Simplicity Scales
New serialization format eliminates CPU bottlenecks, achieving 86% of peak memory bandwidth on large records.
Researchers Andrew Sampson and Ronny Chan from the 6OVER3 Institute, with Yuta Saito from GoodNotes, have published a paper titled "Simplicity Scales" introducing a groundbreaking serialization format called Bebop. The core innovation is its use of fixed-width encoding: a 32-bit integer is always four bytes, a float is always eight. This eliminates the conditional logic and byte-by-byte inspection required by variable-length formats like Protocol Buffers and JSON, which stall modern CPU pipelines. The result is decoding that's essentially a direct memory read.
Benchmark results are staggering. Across 19 decode workloads, Bebop outperformed Protocol Buffers by 9x to 213x. On a 1536-dimension embedding vector—common in AI applications—Bebop decoded in 2.8 nanoseconds versus 111 nanoseconds for Protocol Buffers and 4.69 microseconds for the highly optimized simdjson, a 1,675x speedup. For large records above 64 KB, the decoder achieves 86% of peak memory bandwidth, meaning the CPU is no longer the bottleneck.
The paper also presents a transport-agnostic RPC protocol built on the Bebop wire format. This protocol introduces 'batch pipelining,' where dependent calls across services can execute in a single round trip with server-side dependency resolution. Critically, it can deploy over HTTP/1.1, HTTP/2, and binary transports without proxies. This removes the strict HTTP/2 requirement that has limited the adoption of gRPC in serverless platforms and web browsers, potentially unlocking new architectures for distributed systems.

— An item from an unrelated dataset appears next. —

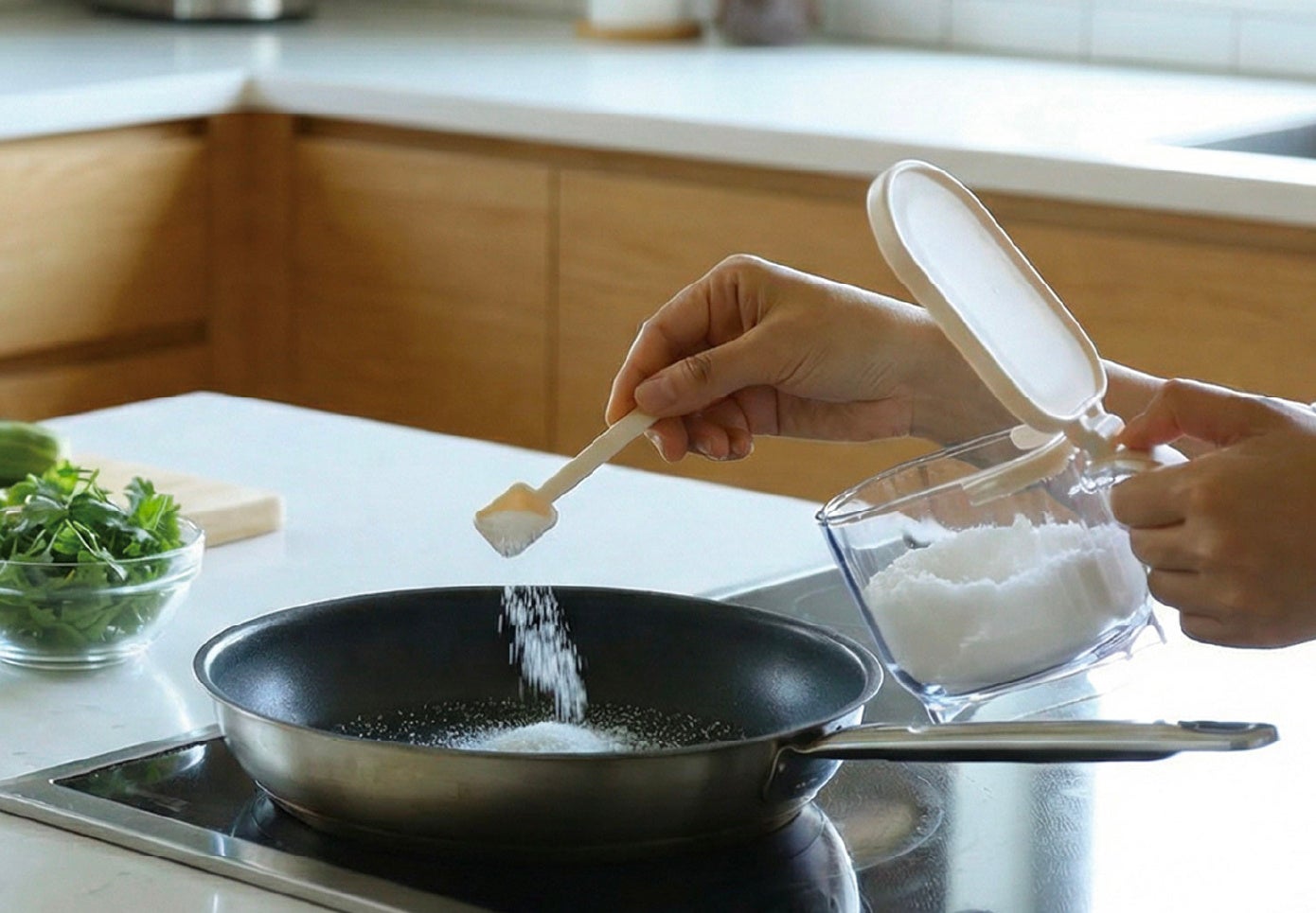 すり切り板を使えば小さじ(5ml/2.5ml)が簡単に量れるので、調味料を正しい分量で取りたいときに活躍します。

- Bebop uses fixed-width encoding, making decoding a single memory read with no conditionals, unlike variable-length formats.
- Achieved 1,675x faster decoding than simdjson on a 1536-dim vector and 86% of peak memory bandwidth on large records.
- Includes a new RPC protocol with batch pipelining that works without HTTP/2, solving gRPC's serverless and browser limitations.
Why It Matters
This could dramatically reduce latency and cost for data-intensive applications like AI inference, real-time analytics, and microservices communication.